E' provato da molti studi che le sostanze dopanti alterano la personalità di un atleta, a seconda del tipo di sostanza avremo degli effetti particolari e caratteristici. L'uso degli steroidi ad esempio possono produrre un innalzamento della fiducia in sé, sulle motivazioni di gara, miglioramento della memoria e della concentrazione, ma soprattutto incremento dell'aggressività e dell'irritabilità, sbalzi di umore, insonnia, attacchi di panico, scatti d'ira incontrollata, depressione, pensieri paranoici, comportamenti psicotici e vari disturbi della personalità. Anfetamina e cocaina in particolare esaltano lo stato di vigilanza, accrescono l'attenzione e riducono il bisogno di sonno; ben presto però aumentano l'aggressività e la competitività che possono sfociare in stati di agitazione psicomotoria e irritabilità. Sopprimono inoltre momentaneamente la sensazione di stanchezza portando perciò spesso l'atleta allo stato di esaurimento, modificandone la capacità di giudizio critico con la possibilità di provocare incidentinella pratica di alcuni sport (ad esempio sport motoristici).

Si può creare una dipendenza sia fisica che psicologica dall'utilizzo di queste sostanze proibite?

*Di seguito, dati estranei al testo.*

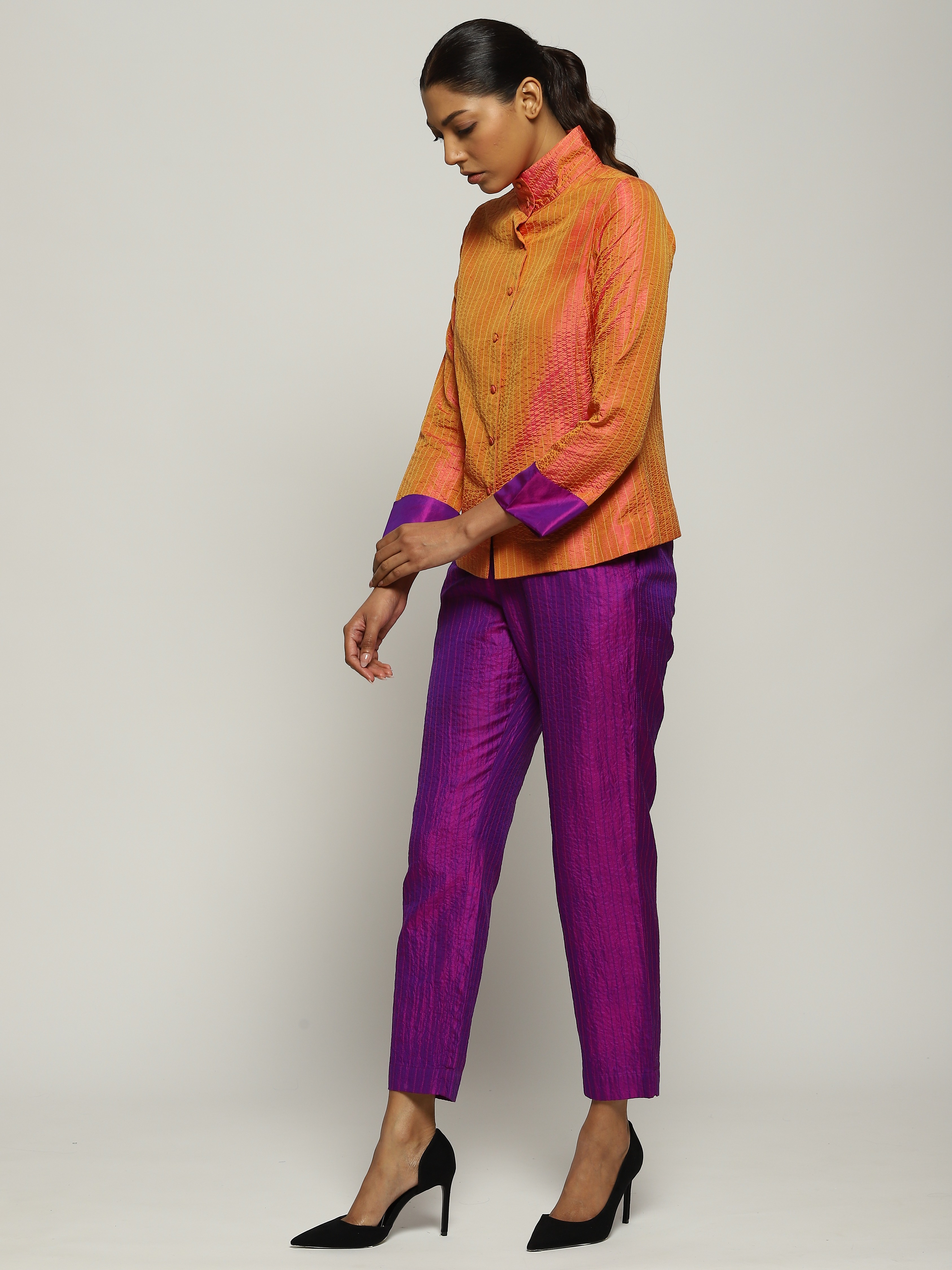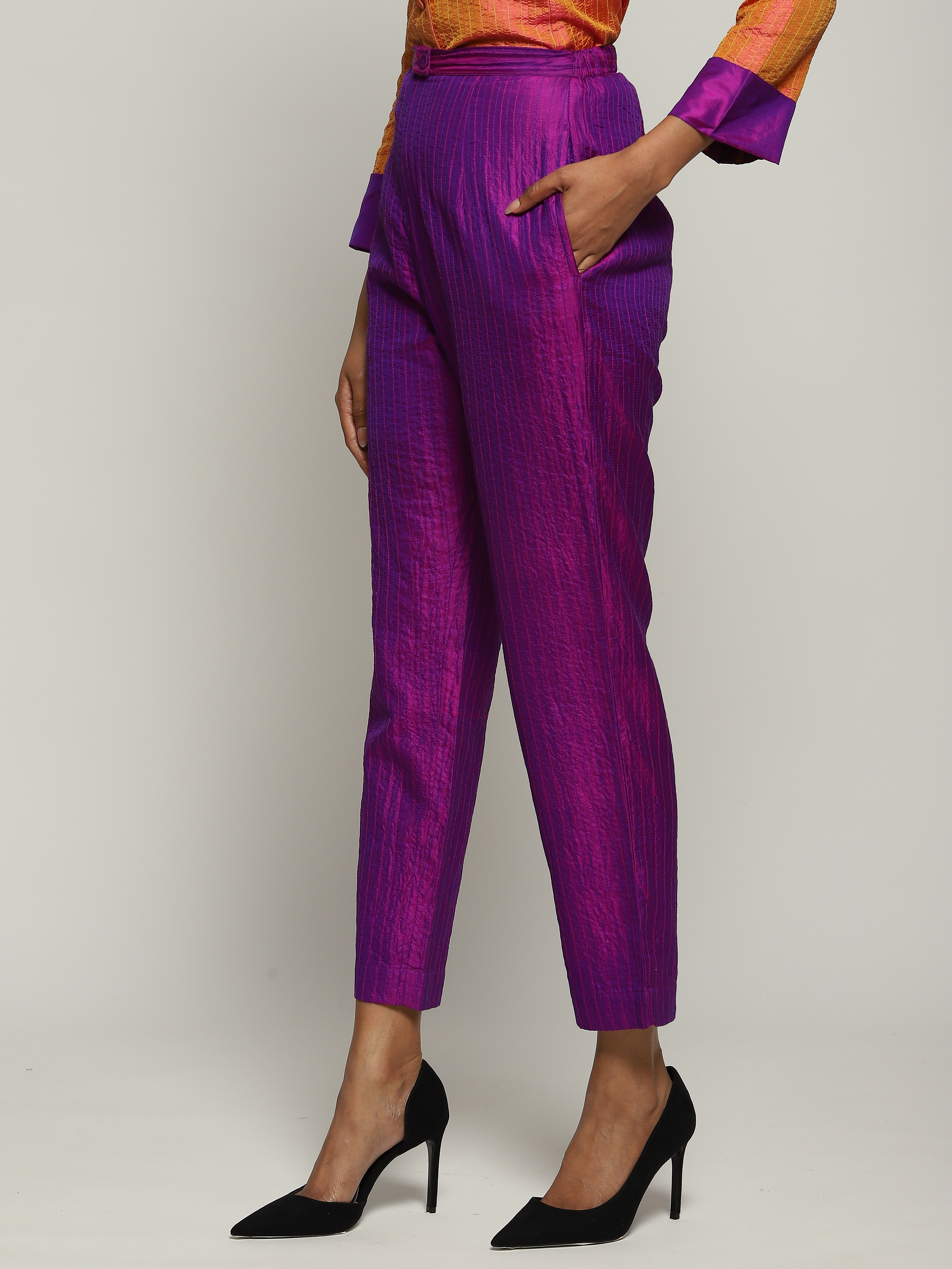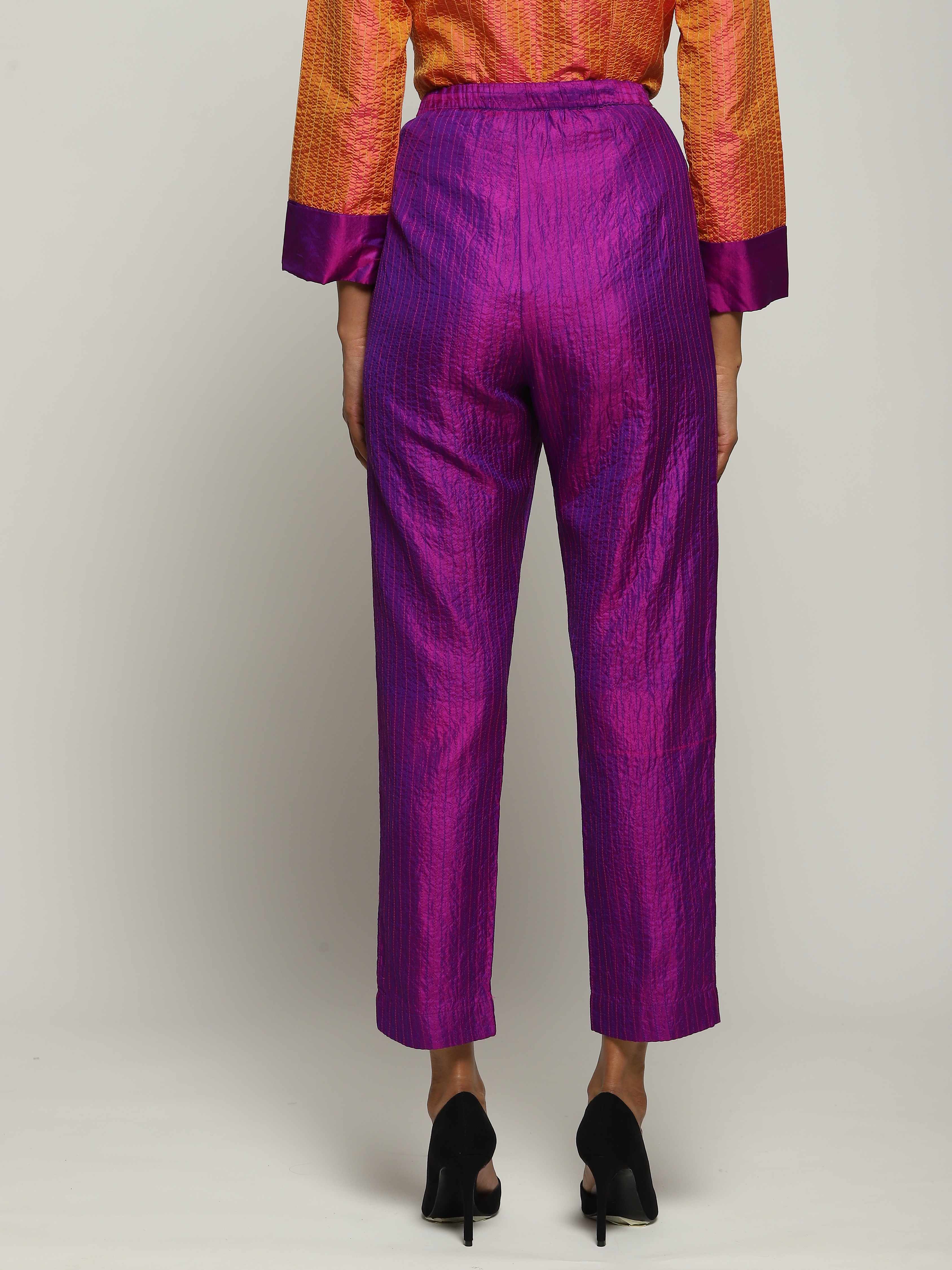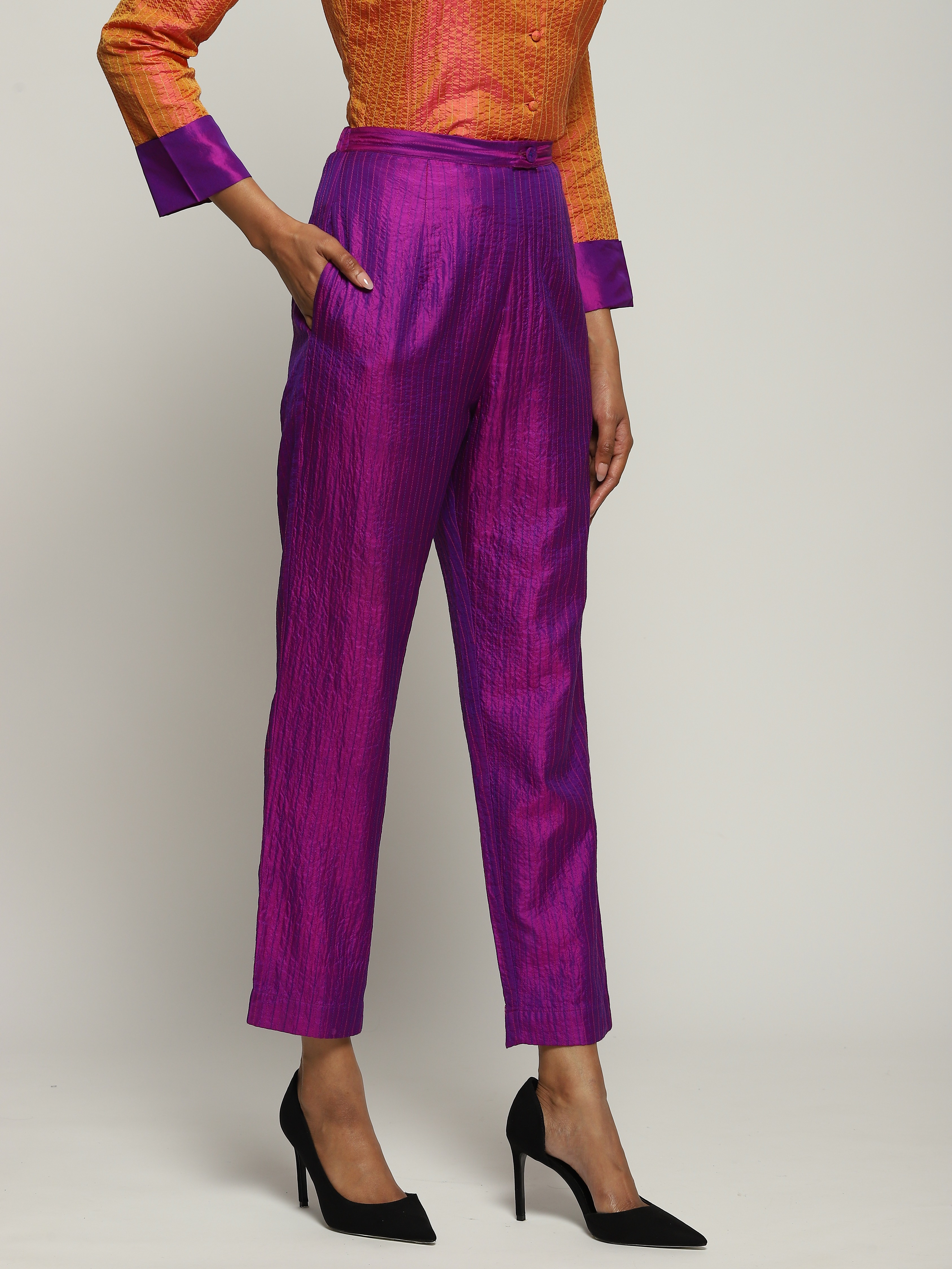 A pair of violet trousers in opalescent shot silk.

Ad esempio nel caso di utilizzazione di dosi elevate di stimolanti, soprattutto di amfetamine, si possono presentare psicosi, allucinazioni e notevoli effetti di dipendenza psicologica. Molti atleti ricorrono nell'errore di pensare che il loro miglioramento e le loro prestazioni siano incrementate dall'utilizzo di queste sostanze, al punto che si crea una dipendenza psicologica tale da indurli a non poterne più fare a meno. Queste persone perdono di vista l'importanza fondamentale dell'allenamento.Il loro vero scopo diventa quello di battere l'avversario ad ogni costo e con ogni mezzo; il loro fine quello di vivere per la gara, di trasformarla nell'unica ragione di riscatto dalle proprie angosce della vita quotidiana, nel loro unico sfogo.

Perché e come dobbiamo lottare contro il doping ?

Dobbiamo lottare contro il fenomeno del doping attraverso due strade: quella della repressione attraverso controlli e sanzioni e quella della prevenzione attraverso il controllo medico, biologico ed una nuova cultura educativa medico- psicologica massiccia, costante e capillare mirante a rendere noti a tutti vantaggi e svantaggi dell'assunzione di sostanze doping.